Search the material and gather each line with "near" in it.

(INPUT MATERIAL)

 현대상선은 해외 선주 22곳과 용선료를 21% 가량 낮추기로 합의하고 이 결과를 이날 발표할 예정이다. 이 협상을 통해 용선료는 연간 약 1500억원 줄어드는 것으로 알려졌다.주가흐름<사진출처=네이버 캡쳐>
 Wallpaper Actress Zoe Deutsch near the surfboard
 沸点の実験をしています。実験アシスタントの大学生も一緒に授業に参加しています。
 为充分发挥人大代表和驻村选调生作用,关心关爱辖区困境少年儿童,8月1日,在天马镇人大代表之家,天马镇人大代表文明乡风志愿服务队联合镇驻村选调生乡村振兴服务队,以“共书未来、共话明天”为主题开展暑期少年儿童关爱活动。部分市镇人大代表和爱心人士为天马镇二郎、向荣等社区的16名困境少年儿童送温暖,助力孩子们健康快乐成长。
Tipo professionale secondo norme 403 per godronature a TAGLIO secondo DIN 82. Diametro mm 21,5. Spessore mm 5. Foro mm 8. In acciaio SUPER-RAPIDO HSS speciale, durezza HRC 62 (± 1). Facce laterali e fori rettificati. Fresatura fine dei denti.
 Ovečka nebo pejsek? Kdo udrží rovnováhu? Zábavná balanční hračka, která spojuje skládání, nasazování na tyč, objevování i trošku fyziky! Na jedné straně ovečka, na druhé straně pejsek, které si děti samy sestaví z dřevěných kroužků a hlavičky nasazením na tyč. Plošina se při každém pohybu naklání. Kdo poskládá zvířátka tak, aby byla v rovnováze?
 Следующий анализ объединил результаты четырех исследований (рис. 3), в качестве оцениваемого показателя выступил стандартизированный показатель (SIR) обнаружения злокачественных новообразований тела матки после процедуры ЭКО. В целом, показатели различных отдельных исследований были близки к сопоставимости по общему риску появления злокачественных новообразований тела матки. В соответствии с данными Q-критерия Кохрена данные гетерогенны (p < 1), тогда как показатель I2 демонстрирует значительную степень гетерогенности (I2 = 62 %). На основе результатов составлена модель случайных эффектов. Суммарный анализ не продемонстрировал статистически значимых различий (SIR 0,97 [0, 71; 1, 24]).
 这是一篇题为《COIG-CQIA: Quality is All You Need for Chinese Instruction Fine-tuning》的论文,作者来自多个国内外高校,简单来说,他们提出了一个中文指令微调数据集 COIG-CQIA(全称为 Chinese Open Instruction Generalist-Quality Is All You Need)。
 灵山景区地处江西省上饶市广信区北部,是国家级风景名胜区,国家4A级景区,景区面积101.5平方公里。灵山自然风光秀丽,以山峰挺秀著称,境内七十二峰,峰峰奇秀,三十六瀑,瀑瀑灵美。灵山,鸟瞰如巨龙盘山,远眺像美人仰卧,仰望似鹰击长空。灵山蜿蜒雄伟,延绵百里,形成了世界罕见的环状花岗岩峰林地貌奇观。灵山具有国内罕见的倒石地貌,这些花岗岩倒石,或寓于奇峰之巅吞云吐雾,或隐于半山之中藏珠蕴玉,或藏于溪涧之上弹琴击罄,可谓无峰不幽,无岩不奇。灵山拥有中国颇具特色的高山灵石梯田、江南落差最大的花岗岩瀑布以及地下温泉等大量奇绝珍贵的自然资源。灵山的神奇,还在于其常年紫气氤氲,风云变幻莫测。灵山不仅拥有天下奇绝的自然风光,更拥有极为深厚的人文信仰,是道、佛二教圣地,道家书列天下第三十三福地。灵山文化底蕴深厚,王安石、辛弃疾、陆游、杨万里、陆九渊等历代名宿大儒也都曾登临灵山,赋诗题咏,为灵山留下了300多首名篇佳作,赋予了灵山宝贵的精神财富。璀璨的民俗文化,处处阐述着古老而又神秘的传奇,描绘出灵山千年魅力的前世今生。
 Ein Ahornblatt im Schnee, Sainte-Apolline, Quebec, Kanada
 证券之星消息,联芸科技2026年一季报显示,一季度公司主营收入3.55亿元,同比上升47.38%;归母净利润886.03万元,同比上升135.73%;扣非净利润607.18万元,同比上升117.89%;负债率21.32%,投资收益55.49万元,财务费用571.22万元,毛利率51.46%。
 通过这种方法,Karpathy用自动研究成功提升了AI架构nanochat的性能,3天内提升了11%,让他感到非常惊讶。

(End INPUT MATERIAL)
(INPUT MATERIAL)

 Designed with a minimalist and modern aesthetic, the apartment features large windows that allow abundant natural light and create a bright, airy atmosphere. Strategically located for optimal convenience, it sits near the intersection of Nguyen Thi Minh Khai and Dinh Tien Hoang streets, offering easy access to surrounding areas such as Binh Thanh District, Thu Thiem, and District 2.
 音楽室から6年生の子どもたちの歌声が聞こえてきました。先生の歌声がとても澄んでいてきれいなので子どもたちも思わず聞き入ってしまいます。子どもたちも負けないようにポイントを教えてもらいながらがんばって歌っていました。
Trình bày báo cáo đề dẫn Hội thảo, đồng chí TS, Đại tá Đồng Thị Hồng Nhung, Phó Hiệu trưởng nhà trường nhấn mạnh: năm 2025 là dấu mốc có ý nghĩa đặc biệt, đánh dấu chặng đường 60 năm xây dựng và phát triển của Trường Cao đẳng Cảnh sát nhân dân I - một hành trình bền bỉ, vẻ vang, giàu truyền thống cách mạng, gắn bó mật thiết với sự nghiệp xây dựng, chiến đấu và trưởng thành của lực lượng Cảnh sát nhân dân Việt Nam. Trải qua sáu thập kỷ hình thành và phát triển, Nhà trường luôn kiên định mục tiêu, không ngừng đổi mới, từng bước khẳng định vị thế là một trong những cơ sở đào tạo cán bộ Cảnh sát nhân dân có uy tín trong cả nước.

(End INPUT MATERIAL)
(INPUT MATERIAL)

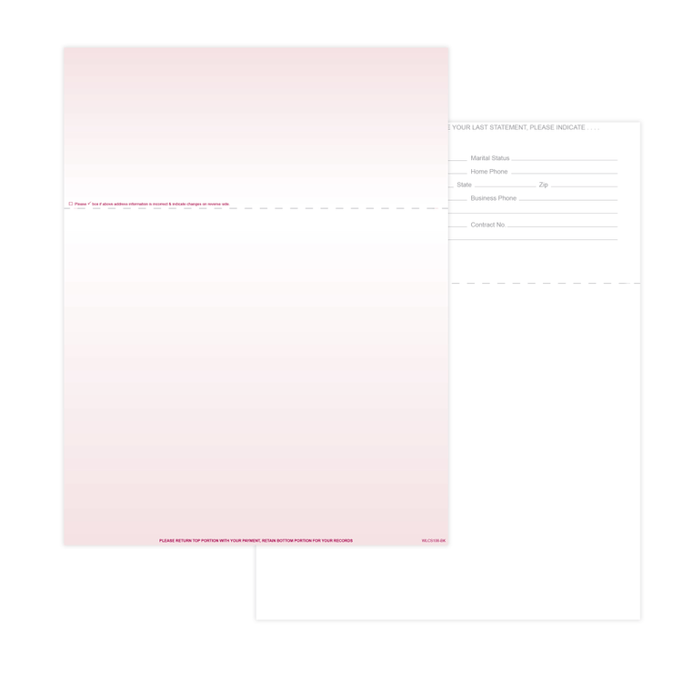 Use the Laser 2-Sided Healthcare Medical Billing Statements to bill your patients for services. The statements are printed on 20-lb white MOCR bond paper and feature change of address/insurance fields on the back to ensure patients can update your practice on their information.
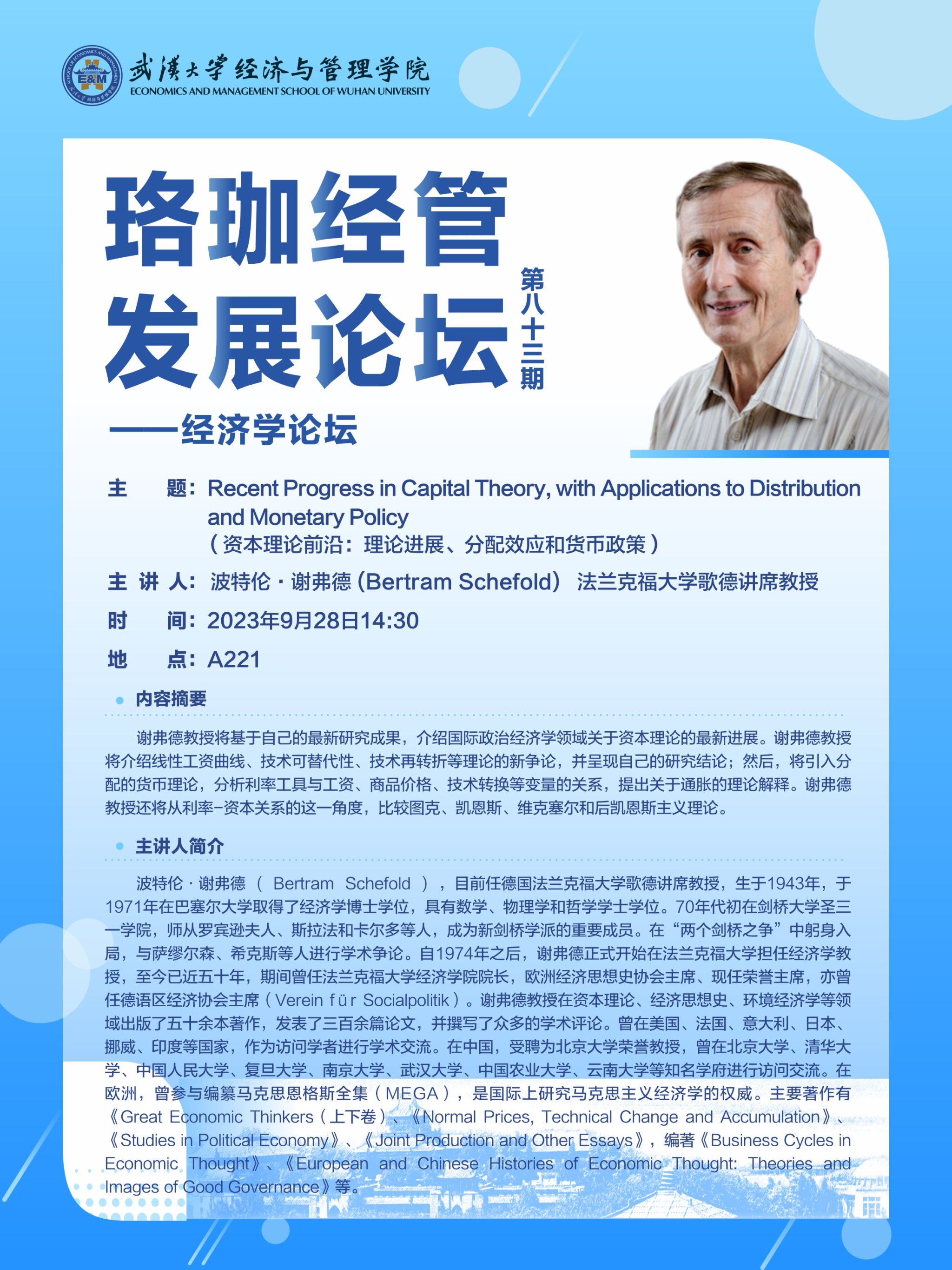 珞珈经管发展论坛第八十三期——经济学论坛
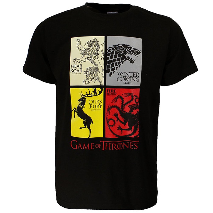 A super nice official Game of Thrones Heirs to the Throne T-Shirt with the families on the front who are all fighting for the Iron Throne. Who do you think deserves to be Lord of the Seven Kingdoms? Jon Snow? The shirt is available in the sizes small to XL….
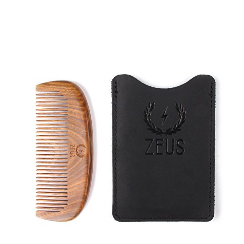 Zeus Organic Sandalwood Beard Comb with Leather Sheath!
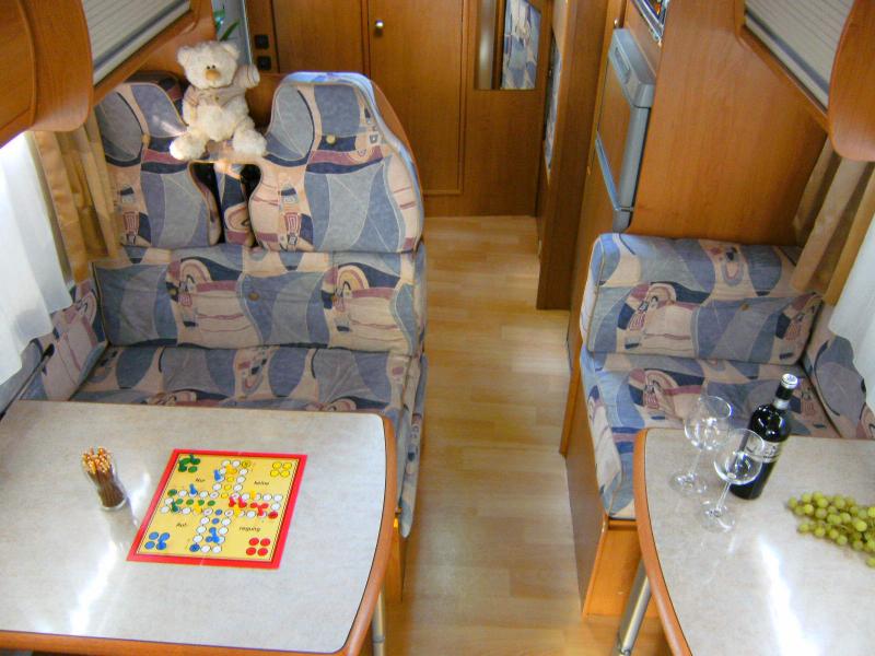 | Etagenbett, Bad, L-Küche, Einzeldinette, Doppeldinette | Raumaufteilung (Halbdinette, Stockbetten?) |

(End INPUT MATERIAL)

> [EXERCISE SOLUTION]
 Wallpaper Actress Zoe Deutsch near the surfboard
 Designed with a minimalist and modern aesthetic, the apartment features large windows that allow abundant natural light and create a bright, airy atmosphere. Strategically located for optimal convenience, it sits near the intersection of Nguyen Thi Minh Khai and Dinh Tien Hoang streets, offering easy access to surrounding areas such as Binh Thanh District, Thu Thiem, and District 2.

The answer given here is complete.